- [Assignment]: Below this line are records; transcribe exactly the lines between the one holding "Modern Black and" and the one holding "While the impurity-induced", inclusive, and omit the pictures.

- [Material provided]:
※

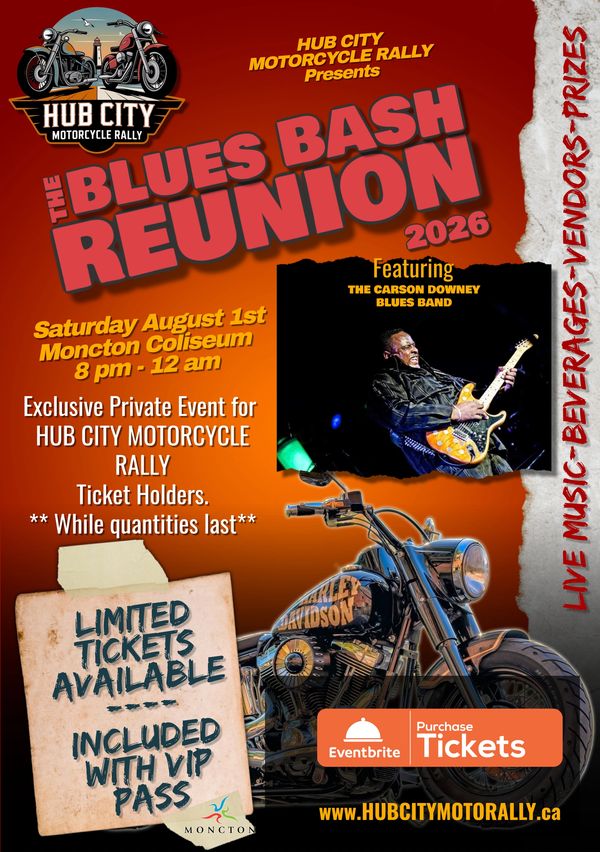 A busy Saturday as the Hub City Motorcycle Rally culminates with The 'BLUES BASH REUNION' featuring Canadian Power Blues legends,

※

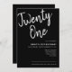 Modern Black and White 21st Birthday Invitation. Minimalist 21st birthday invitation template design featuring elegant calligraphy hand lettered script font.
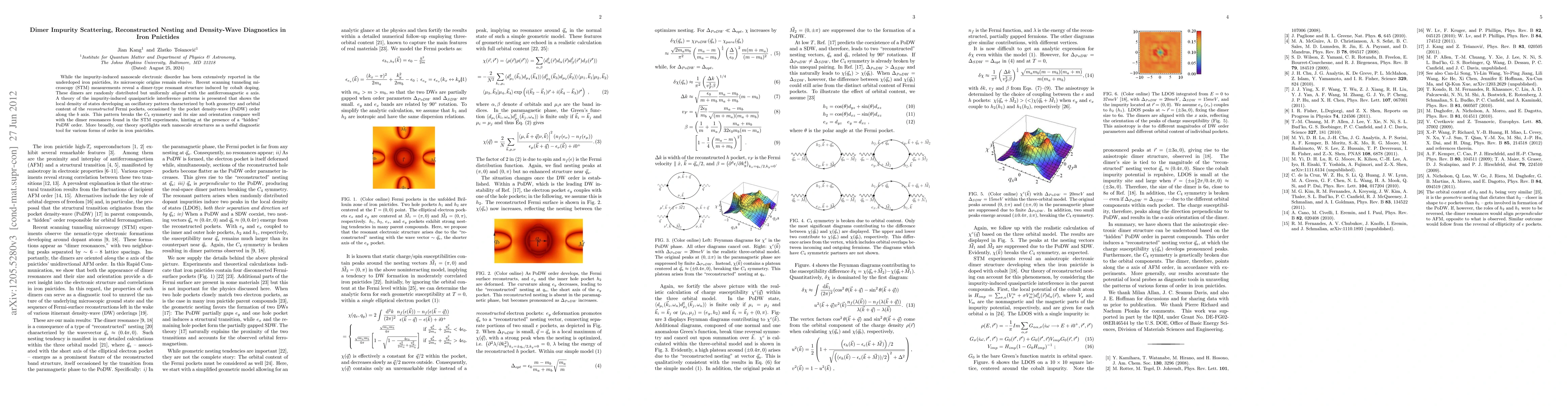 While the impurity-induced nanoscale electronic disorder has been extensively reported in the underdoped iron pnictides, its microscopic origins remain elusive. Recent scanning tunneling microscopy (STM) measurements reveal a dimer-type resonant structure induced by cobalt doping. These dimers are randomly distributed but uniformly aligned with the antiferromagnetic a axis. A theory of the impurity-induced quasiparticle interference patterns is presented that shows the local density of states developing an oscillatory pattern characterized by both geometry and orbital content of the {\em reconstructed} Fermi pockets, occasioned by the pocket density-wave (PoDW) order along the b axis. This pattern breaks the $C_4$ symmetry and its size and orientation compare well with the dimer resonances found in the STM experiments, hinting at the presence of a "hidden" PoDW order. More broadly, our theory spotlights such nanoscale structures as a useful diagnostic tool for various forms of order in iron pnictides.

※

- [Solution]:
 Modern Black and White 21st Birthday Invitation. Minimalist 21st birthday invitation template design featuring elegant calligraphy hand lettered script font.
 While the impurity-induced nanoscale electronic disorder has been extensively reported in the underdoped iron pnictides, its microscopic origins remain elusive. Recent scanning tunneling microscopy (STM) measurements reveal a dimer-type resonant structure induced by cobalt doping. These dimers are randomly distributed but uniformly aligned with the antiferromagnetic a axis. A theory of the impurity-induced quasiparticle interference patterns is presented that shows the local density of states developing an oscillatory pattern characterized by both geometry and orbital content of the {\em reconstructed} Fermi pockets, occasioned by the pocket density-wave (PoDW) order along the b axis. This pattern breaks the $C_4$ symmetry and its size and orientation compare well with the dimer resonances found in the STM experiments, hinting at the presence of a "hidden" PoDW order. More broadly, our theory spotlights such nanoscale structures as a useful diagnostic tool for various forms of order in iron pnictides.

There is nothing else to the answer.